It can be very awkward when you run into an ex. Maybe you hate them, maybe you secretly love them. Either way, there are some things you should never do when you run into your ex:
1. “I’ll Split A Taxi With You”
Don’t ask this/don’t say yes if he does ask this. Sharing a taxi leads to sharing a bed. The next morning is always emotionally messy and confusing. Not worth it.
2. Follow Them Around
So you haven’t seen him in 6 months. There’s a reason why. Maybe it was him avoiding you, or you avoiding him and it feels like some catching up is in order. This is no excuse for following them around the bar, asking how his cousin’s wedding was.
3. Start Flipping Out
It always best to avoid a scene. It’s understandable that this guy treated you terribly, and screw him for that. But what you may think is embarrassing him in public, is actually inviting strangers into your very personal life. Do yourself a favour and take the high road, he doesn’t deserve you attention.
4. Hide Under A Table And Hope They Go Away
You are no Ted Mosby. Hold your head tall and walk on up.
5. Sleep With Them
This is just always a terrible idea. Try to avoid this above everything else. It ended for a reason.
6. Throw A Drink On Them
Sure, he may be the worst person ever, but throwing a drink on anyone can make you seem a like a bit of a nutjob and it’s a total waste of alcohol. You’re better off throwing some filthies and ignoring him, this will affect him more and you won’t get banned from the club.
7. Try To Get The Bouncer To Kick Him Out
This will just make you look pathetic and really bitter. The bouncers won’t give a shit if you’re 100% sure he was texting other girls when you were dating. Again, you’re better than that.
8. Start Throwing Yourself On People To Make Him Jealous
There’s no dignity in throwing yourself on some rotten randomer in order to make your ex jealous. It’s makes you look like a desperate attention seeker. Just enjoy your night, and if a beautiful stranger waltz’s into your life, then it’s a very good thing you available for dating.
9. Cry In The Toilets
This is better than crying in the open, in front of him and everyone else. But still panda eyes and tan marks may give away the fact that he has affected you. This may feed his ego (depending on the kind of guy your ex is). Best to power through the pain this d***head has caused you. That’s how you really show that you’re better off without him.
10. Cry At Them
This is much worse than crying in the toilet. You can imagine yourself how awful this is, he’s awkward, everyone around you is awkward, it’s just a no no.
11. Stare, For A Very Long Time
Maybe they got a new haircut, grew a moustache or have a new girl on their arm. You may be taken aback and it’s understandable that it may be hard to accept whatever is infront of your eyes but don’t pre-long your glance, it will just creep everyone out.

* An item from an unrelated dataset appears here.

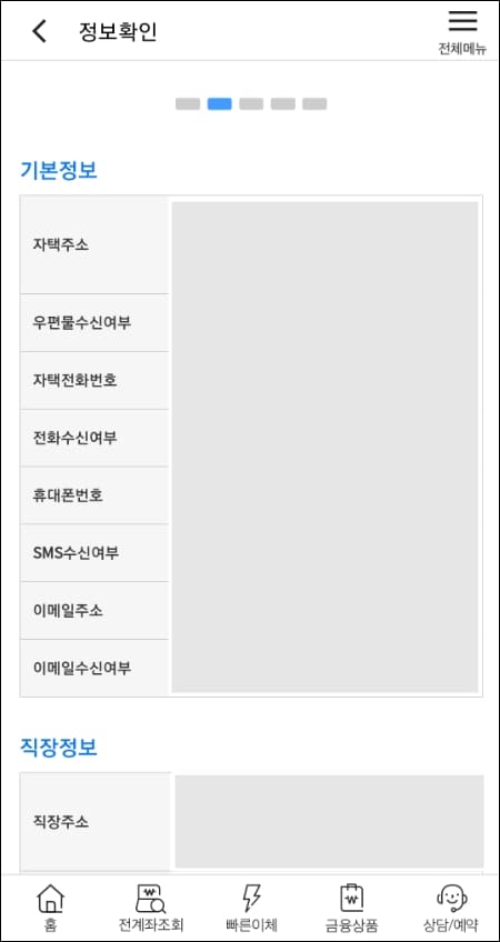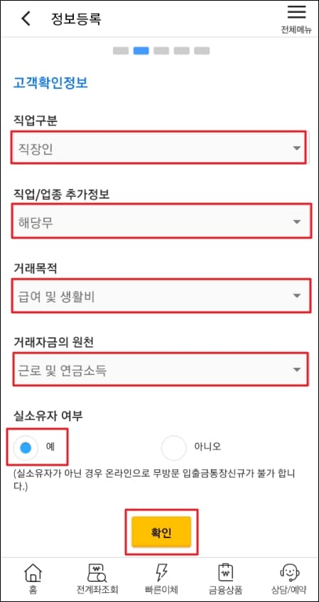 다음 단계로 정보 등록을 해주셔야 합니다. 고객 확인 정보란의 직업 구분, 직업/업종 추가 정보, 거래목적, 거래자금의 원천, 그리고 실소유자 여부를 체크해주셔야 하는데요.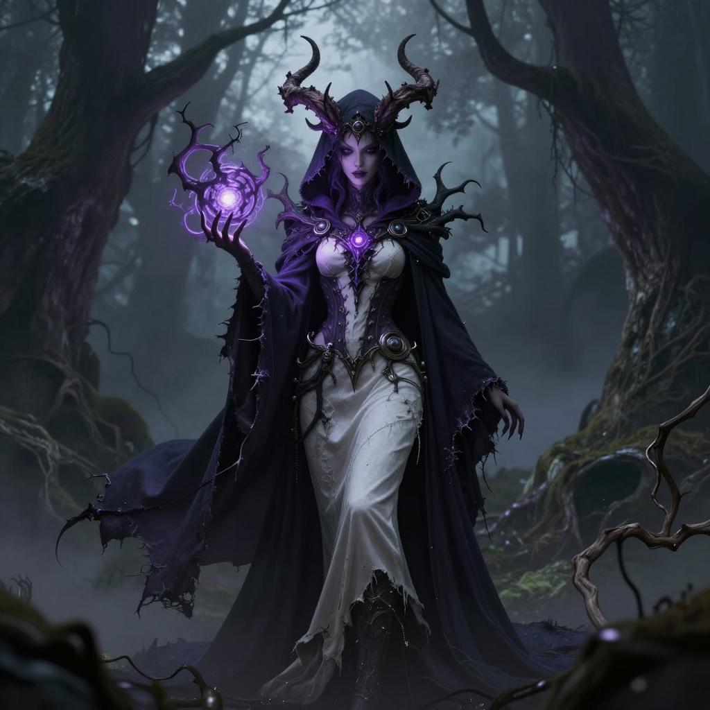A dark fantasy digital artwork of a twisted sorceress standing in an eerie, misty forest at twilight. The female figure wears a flowing cloak with tattered edges and a hood adorned with twisted antler-like horns. Her outfit features dark purple and white tones with intricate metallic embellishments and a glowing pendant. She holds a glowing magical orb in one hand, surrounded by twisted tree branches and shadowy silhouettes.

12. Steal His Jacket And Set It On Fire/Throw In The River
Revenge is sweet. But bitterness benefits no one.
13. Open Up Old Wounds
Remember all the times he treated you like absolute sh*t? Well when you're drunk and in public (but mostly drunk) it’s not a great idea to lash out at him for all those horrible things he’s done mid-drink order, or at any point during the night probably.
14. Tell The Girl He’s Talking To About The Horrible Things He’s Done To You
You will just look the crazy ex. No one wants to be known as the crazy ex.
15. Flirt With His Friends
Although you think his mate has always been a babe, it’s just not right to flirt with them in front of your ex. If he’s a true bro he won’t flirt back, and that’s kind of (very) embarrassing.
16. Ask Questions You Know You Don’t Want The Answers Too
We’re all guilty of letting those questions that keep us up at night out after a few drinks. You can’t help it. It’s the time to ask and you’re dying to know, even if you already know the answer. Good things rarely come from this, best just to let it go, even if it’s hard to do.
17. Over-Compensate About How Great Your Doing
Whether you are actually doing great or are completely miserable you’re going to say that you’re doing “great”. But don’t go overboard with this and go into fictitious details or making very clear about how you’re doing so great, life is amazing and you’ve won the lotto etc. You’re great, then leave it.
18. Bring Up The “Good Times”
Trips down memory lane can be very dangerous: you’re reminiscing about all the fun you used to have, how you used to always burn toast and when he fell into the river. Life seemed better then. No good can really come from this unless you’re both completely over one another, otherwise you’ll just bit left feeling a bit terrible.
19. Get Absolutely Inebriated
It may make the pain and awkwardness better, but realistically you’re more likely to embarrass you by falling asleep in the corner after shouting abuse at him and crying in the toilets. Drink in moderation.
20. Send A Sentimental Text At The End Of The Night
“It was so good to see you tonight. I miss you." No, no, God no. Texting is a sign of weakness, if you really want to show that you completely independent than don’t text him. You’ll regret it in the morning.